Task to carry out:
Beginning at the line that holds "BROWN&FRIENDS 」奪得,本土創作者作品「白爛貓」奪下全球榜單第二名,第三名則是由卡娜赫拉作品「Piske 和" and continuing to the last line of the data below, transcribe every line word for word, without pictures.

Raw data:
|---|

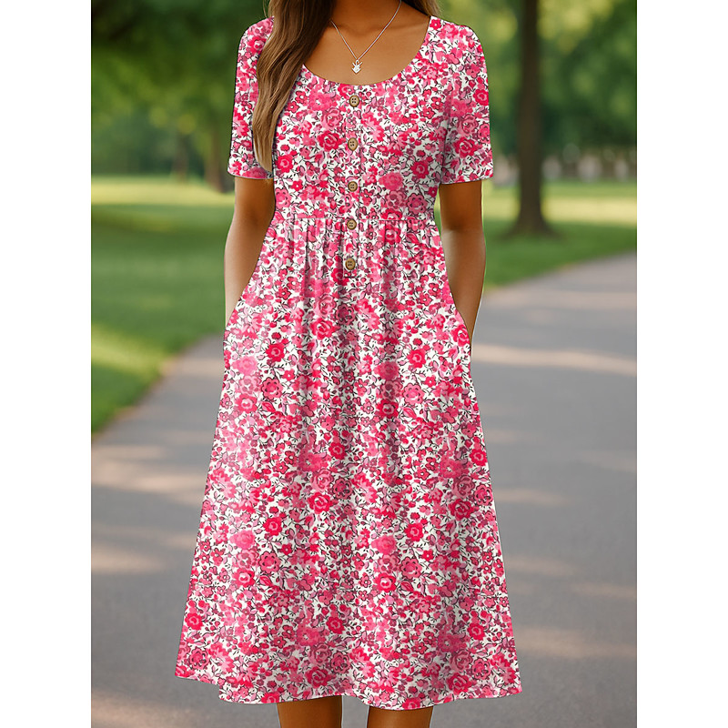 Women's Midi Dress Casual Dress Print Dress Fashion Modern Daily Beach Weekend Regular Fit Floral 3/4 Length Sleeve Crew Neck Red Blue Purple Fuchsia Summer Spring Fall Autumn
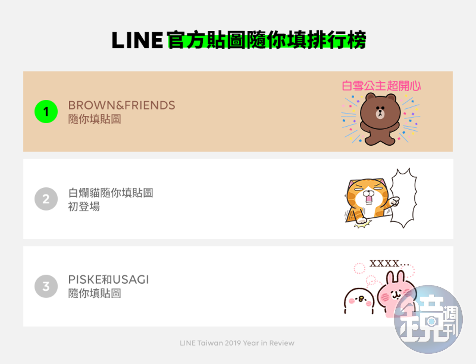 隨你填貼圖的全球榜單冠軍,由「熊大&兔兔 BROWN&FRIENDS 」奪得,本土創作者作品「白爛貓」奪下全球榜單第二名,第三名則是由卡娜赫拉作品「Piske 和 Usagi」獲得。
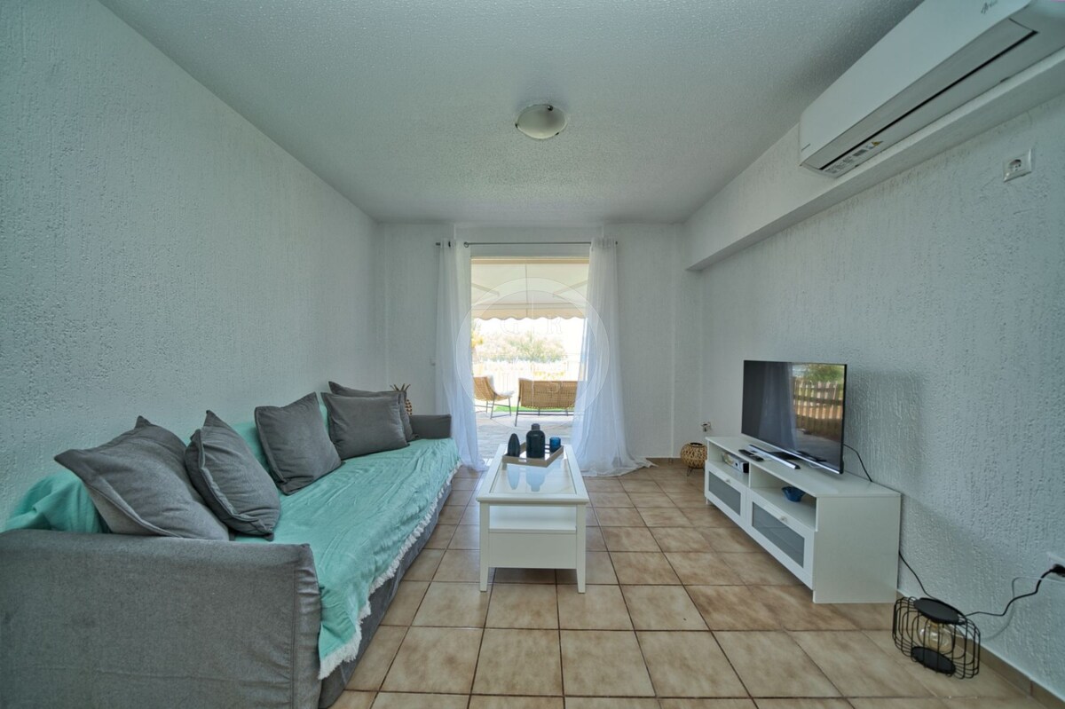 Quiet and peaceful.Brand new apartment with panoramic view .The sunrise and the sunset from the large terrace will enchant you,but also the nights with the moon illuminating the sea are beautiful.The view is also visible through the house.Is a hospitable place specially designed with a lot of love for visitors who want to relax and enjoy the beauties of the island.It will my pleasure to host you .Very quiet neighborhood near the center of the island and near the sea.

|---|

Response area:
 隨你填貼圖的全球榜單冠軍,由「熊大&兔兔 BROWN&FRIENDS 」奪得,本土創作者作品「白爛貓」奪下全球榜單第二名,第三名則是由卡娜赫拉作品「Piske 和 Usagi」獲得。
 Quiet and peaceful.Brand new apartment with panoramic view .The sunrise and the sunset from the large terrace will enchant you,but also the nights with the moon illuminating the sea are beautiful.The view is also visible through the house.Is a hospitable place specially designed with a lot of love for visitors who want to relax and enjoy the beauties of the island.It will my pleasure to host you .Very quiet neighborhood near the center of the island and near the sea.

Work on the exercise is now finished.